─── PROVIDED MATERIAL

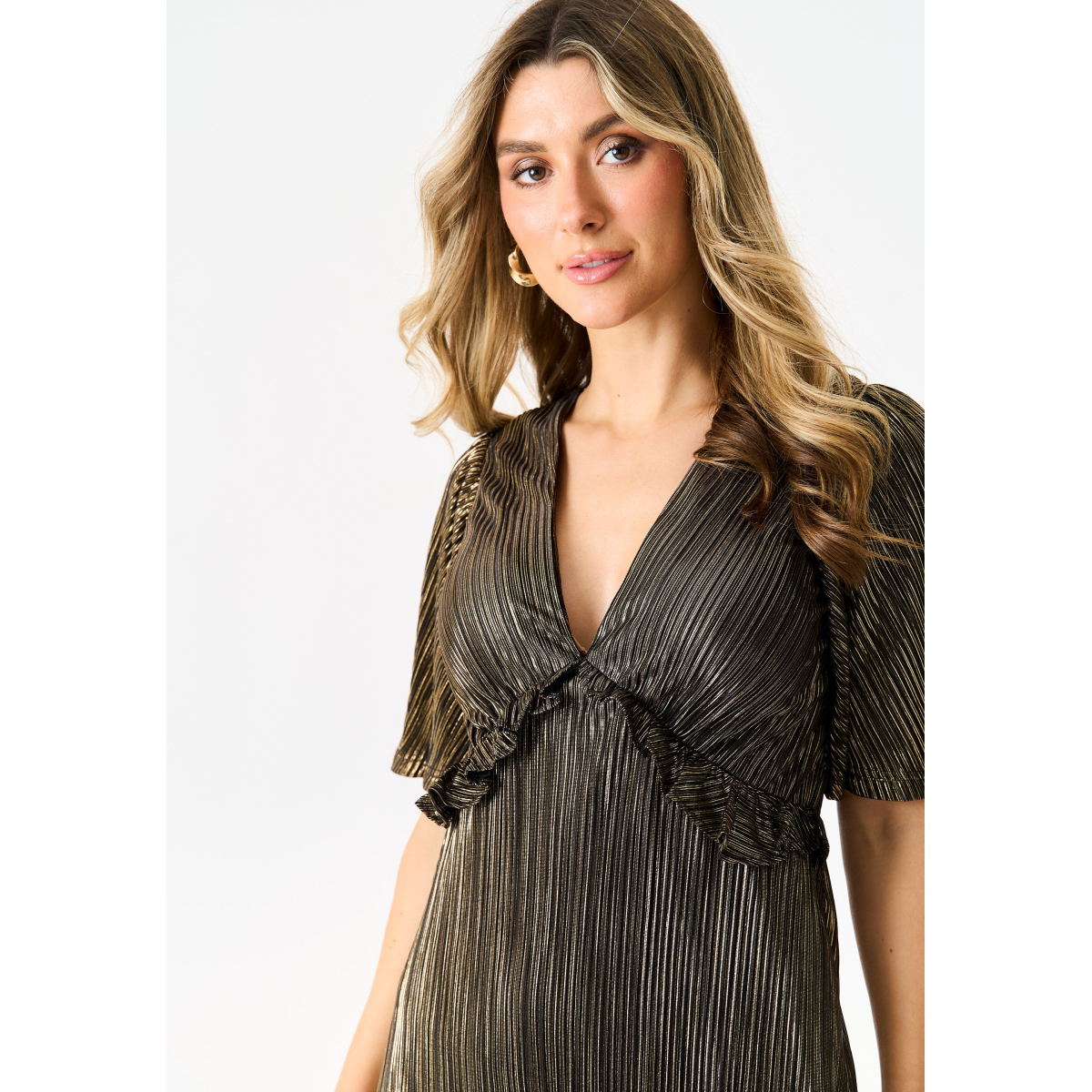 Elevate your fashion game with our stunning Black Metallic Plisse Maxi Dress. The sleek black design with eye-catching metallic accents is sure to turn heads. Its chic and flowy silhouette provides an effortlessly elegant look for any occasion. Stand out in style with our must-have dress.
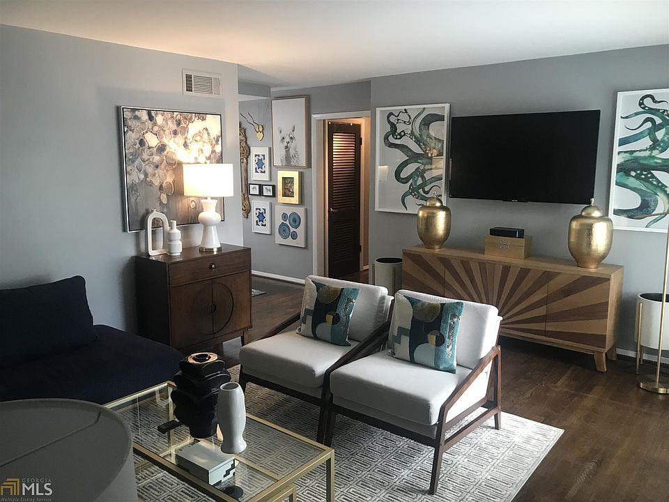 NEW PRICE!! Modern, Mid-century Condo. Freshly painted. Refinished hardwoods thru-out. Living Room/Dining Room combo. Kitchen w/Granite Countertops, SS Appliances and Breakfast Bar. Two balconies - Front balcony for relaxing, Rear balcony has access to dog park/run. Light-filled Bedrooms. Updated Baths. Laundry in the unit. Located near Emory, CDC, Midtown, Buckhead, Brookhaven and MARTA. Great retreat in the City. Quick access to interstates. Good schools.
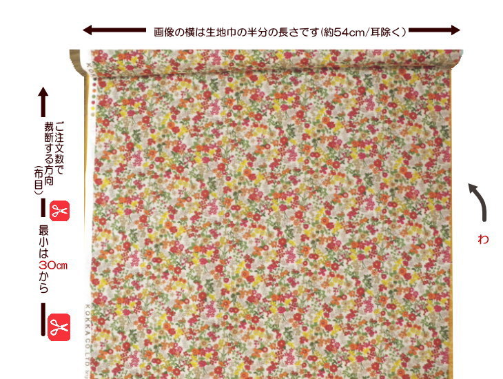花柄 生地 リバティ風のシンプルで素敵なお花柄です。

──────

EXERCISE PROMPT => Give back the full listing exactly as written, only without its pictures.

TASK SOLUTION =>
 Elevate your fashion game with our stunning Black Metallic Plisse Maxi Dress. The sleek black design with eye-catching metallic accents is sure to turn heads. Its chic and flowy silhouette provides an effortlessly elegant look for any occasion. Stand out in style with our must-have dress.
 NEW PRICE!! Modern, Mid-century Condo. Freshly painted. Refinished hardwoods thru-out. Living Room/Dining Room combo. Kitchen w/Granite Countertops, SS Appliances and Breakfast Bar. Two balconies - Front balcony for relaxing, Rear balcony has access to dog park/run. Light-filled Bedrooms. Updated Baths. Laundry in the unit. Located near Emory, CDC, Midtown, Buckhead, Brookhaven and MARTA. Great retreat in the City. Quick access to interstates. Good schools.
花柄 生地 リバティ風のシンプルで素敵なお花柄です。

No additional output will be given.